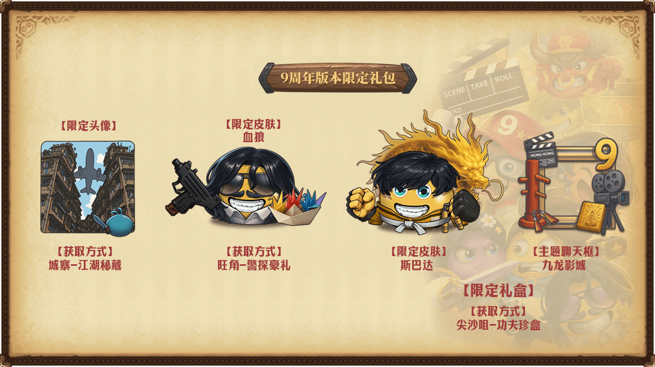 九周年限定礼包来袭!包含限定头像、皮肤和聊天框等物品,可以根据下图获取方式逐一收入囊中!
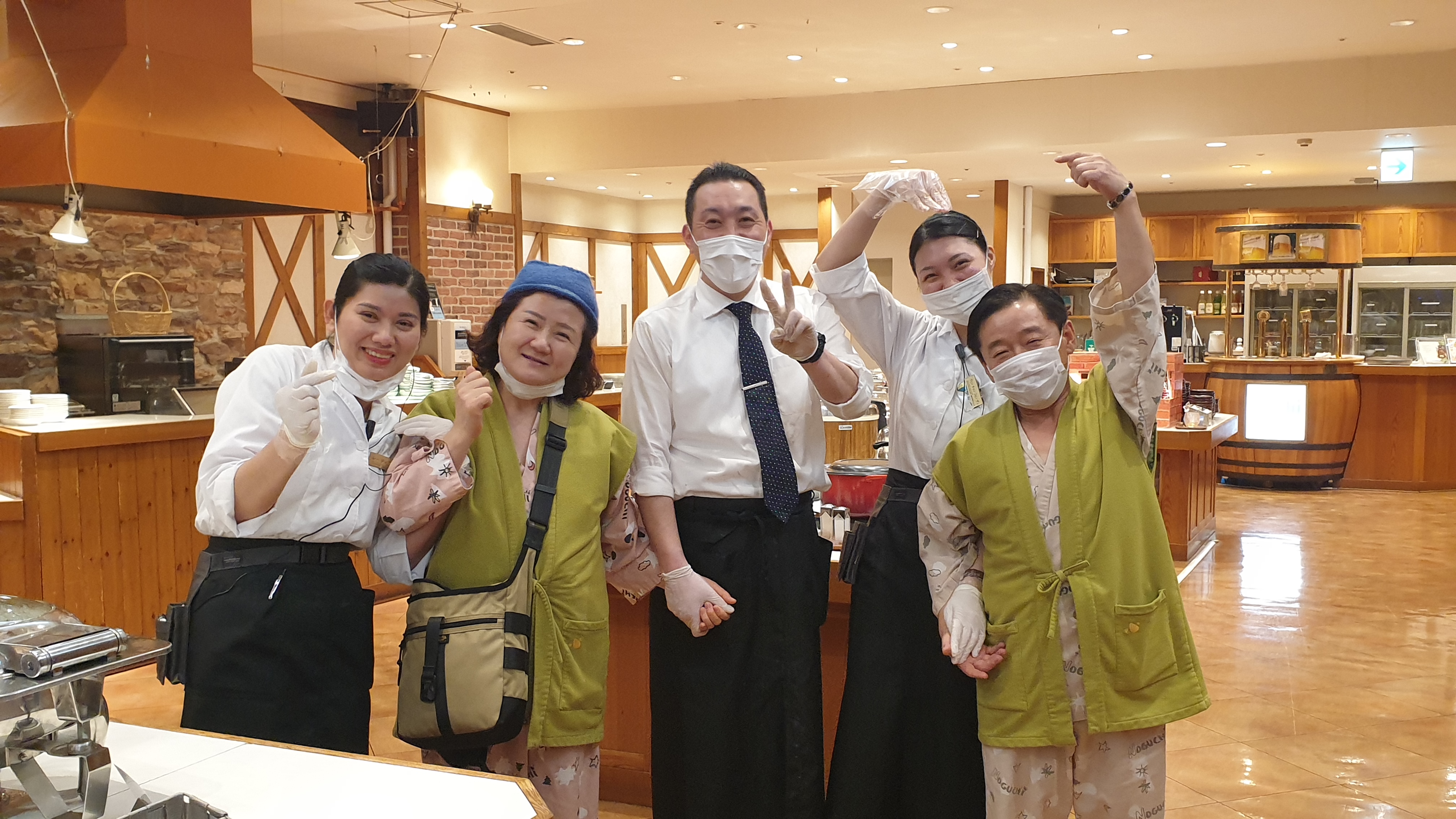 우리도 이만 퇴하고 올라갑시다 하고는 호텔 식당 직원들과 인증 샷 하나를 추가 하였다.
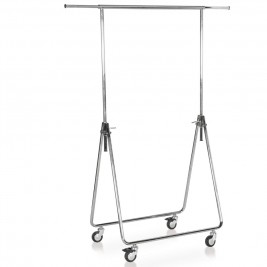 Charriot metálico com barra central e 2 braços extensiveis, 2 rodas de borracha "soltas" e outras 2 com travão.
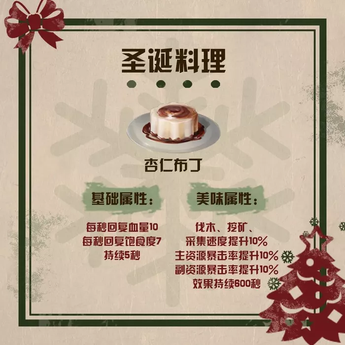 《明日之后》树根蛋糕杏仁布丁属性一览攻略,详细攻略如下:
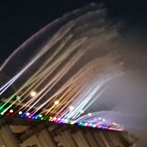 骨付きカルビの夕食は、美味しかったです。もう少し時間があればいいのかなとも思います。が、噴水ショーが行われる橋に向かう途中、バスが渋滞に巻き込まれてしましい、短い時間でしたが噴水ショーも見ることができました。イルミネーションがレインボーだったりするのかなと思いましたが、ちょっと期待外れ…。
________________________
▶ _Problem_
Repeat, exactly and with no pictures, each line from the line that holds "우리도 이만 퇴하고 올라갑시다" through the last line of the records above.

▶ _Written solution_
 우리도 이만 퇴하고 올라갑시다 하고는 호텔 식당 직원들과 인증 샷 하나를 추가 하였다.
 Charriot metálico com barra central e 2 braços extensiveis, 2 rodas de borracha "soltas" e outras 2 com travão.
 《明日之后》树根蛋糕杏仁布丁属性一览攻略,详细攻略如下:
 骨付きカルビの夕食は、美味しかったです。もう少し時間があればいいのかなとも思います。が、噴水ショーが行われる橋に向かう途中、バスが渋滞に巻き込まれてしましい、短い時間でしたが噴水ショーも見ることができました。イルミネーションがレインボーだったりするのかなと思いましたが、ちょっと期待外れ…。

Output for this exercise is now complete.